"You could say that even if we had the best managers and best engineers in the world, youre in a business where something could cause you to have a tragedy like this," Gehman said. "On the other hand we think we have found issues, practices, and managerial and budgetary kinds of things we believe could have been done better even if we hadnt had the accident."
However, Gehman was less circumspect about the underlying cause of the accident when he spoke last week with a room of Washington space insiders at George Washington University about what the board's conclusion would be.
According to industry sources in attendance, Gehman said Columbias accident was not "not an anomalous event, but a predictable outcome" of the way NASA manages the space shuttle program.
Gehman gave another hint to reporters during the July 11 press briefing, saying the CAIBs final report would shine a rather harsh light on NASA. Asked if the report would contain any news, given the board's commitment to release findings and recommendations as they are finalized, Gehman said, "there may be some news value in the tone of the report."
NASAs human space flight programs are subjected to countless safety reviews, but none in recent memory have had the clout or budget as the Columbia Accident Investigation Board. Gehman said that by the time all is said and done -- release of the report has been delayed until the third week in August -- the board will have spent $15 million to $20 million of the $50 million Congress approved in the immediate aftermath of the Columbia accident.
Gehman said the boards budget does not include the personnel and other expenses NASA has incurred in support of the investigation, nor does it include the approximately $300 million that the Federal Emergency Management Agency spent on several months of debris recovery in East Texas and Western Louisiana.
While the board has a broad jurisdiction to investigate the underlying causes of the Columbia accident, its mandate does not extend to the other part of NASAs human space flight program, the International Space Station (ISS). Gehman said Friday that the board has made only a cursory examination of the way safety and mission assurance is handled in the ISS program.
U.S. Air Force Maj. Gen. Kenneth Hess, a member of the board, said investigators looked at the space station program for insight into how NASA handles micrometeoroid threat and in the process saw as many differences as similarities between the two programs.
"We looked at safety and mission assurance between ISS and shuttle and found some similarities but also found that they each have their own distinct personalities," Hess said.
Gehman said after the press conference that any management deficiencies the investigation turns up should be corrected throughout the agency, not just the space shuttle program.
"It will apply to the way they do everything," Gehman said.
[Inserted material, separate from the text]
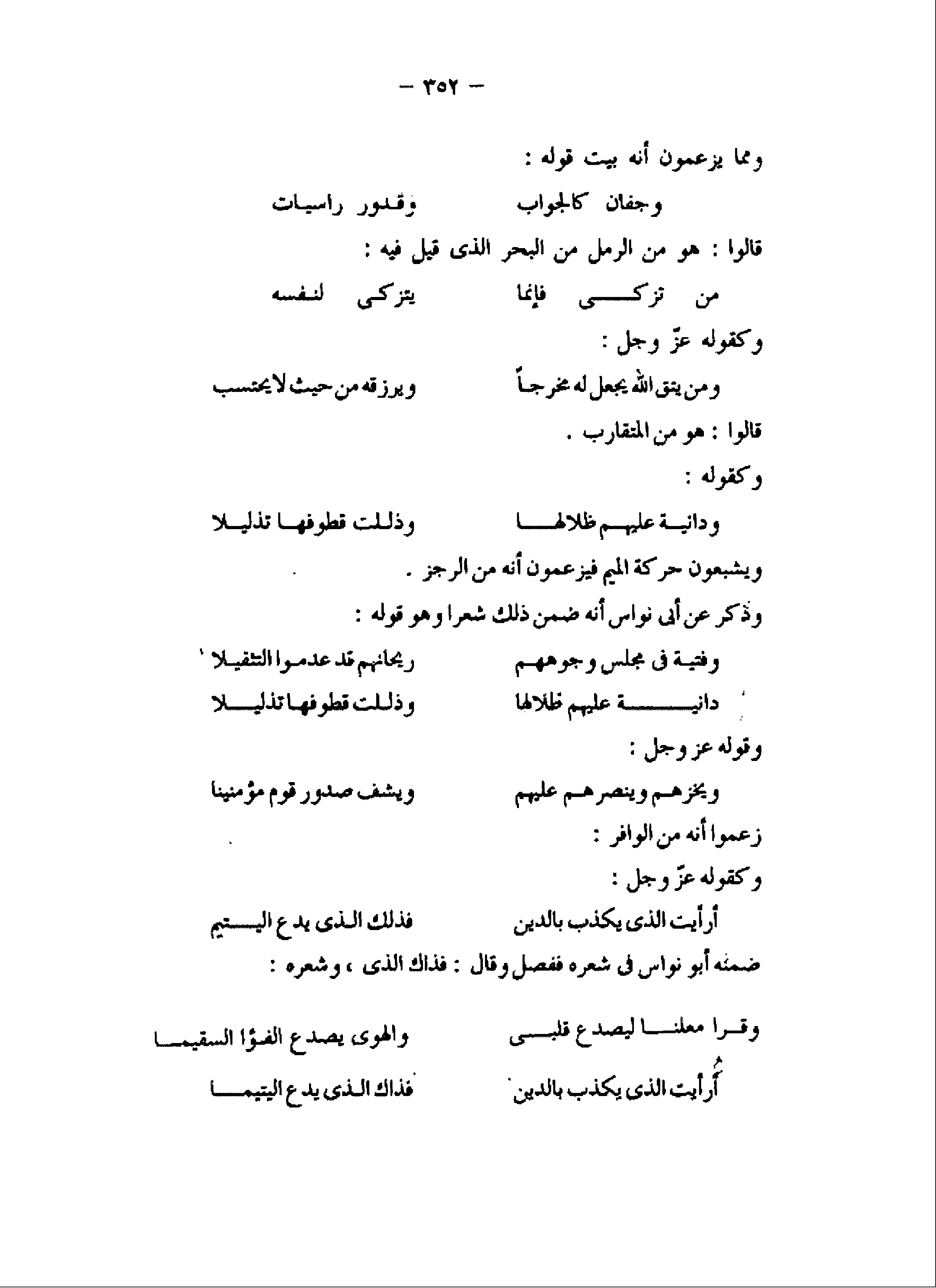 أَرَأَيْتَ الَّذِي يُكَذِّبُ بِالدِّينِ فَذلِكَ الَّذِي يَدُعُّ الْيَتِيمَ ضمنه أبو نواس فى شعره ففصل وقال: فذاك الذى، وشعره:

NASA spokesman Al Feinberg indicated that the agencys soul searching wouldnt be limited to just the space shuttle program.
"Obviously we want to hear what the board has to say on the shuttle program" Feinberg said. "If there is something we can pullout of there that can help station in terms of safety we would work that into our program. Just because its not shuttle doesnt mean space station isnt going to be looking at it."
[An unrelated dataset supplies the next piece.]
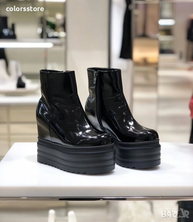 Боти на платформа - черен лак - SJB50
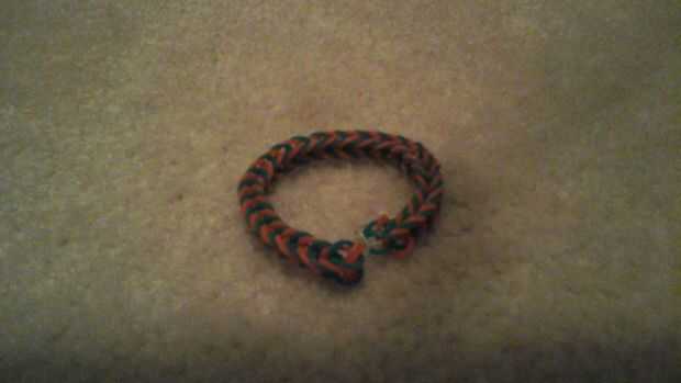 la grapa ya unido a un extremo de la pulsera al otro extremo de la misma. Ahora que ha completado la pulsera de telar del arco iris!

Fridays press conference capped off a week in which investigators proved in a dramatic test stand demonstration the serious damage a chunk of foam can do to a shuttle wing. The test, conducted Monday at the Southwest Research Institute in San Antonio, Tex., blew a 16-inch wide hole in the leading edge of a wing section taken from the Space Shuttle Atlantis.
Board member James Hallock, chief of the U.S. Department of Transportations aviation safety division, said Friday that investigators do not believe that Columbias breech was as large as the breech created on the test stand July 7. Hallock said the best analysis suggests a hole 6 inches to 10 inches across. Had the orbiter suffered a 16-inch brief, Hallock said, "Columbia would not have made it to the state of Texas."
On Tuesday, Gehman went to Capital Hill to inform NASAs congressional oversight committees that the board would not meet a July 23 target for completing its report. That date was targeted to give lawmakers a chance to receive the report before breaking for a month long August recess. The board plans to issue at least a couple more interim recommendations before the report is released, but none of them, Gehman said, will be as challenging as the on orbit inspection and repair recommendation the board issued June 27.
The board also released Friday a detailed second-by-second account of Columbias last flight, from launch through re-entry and breakup.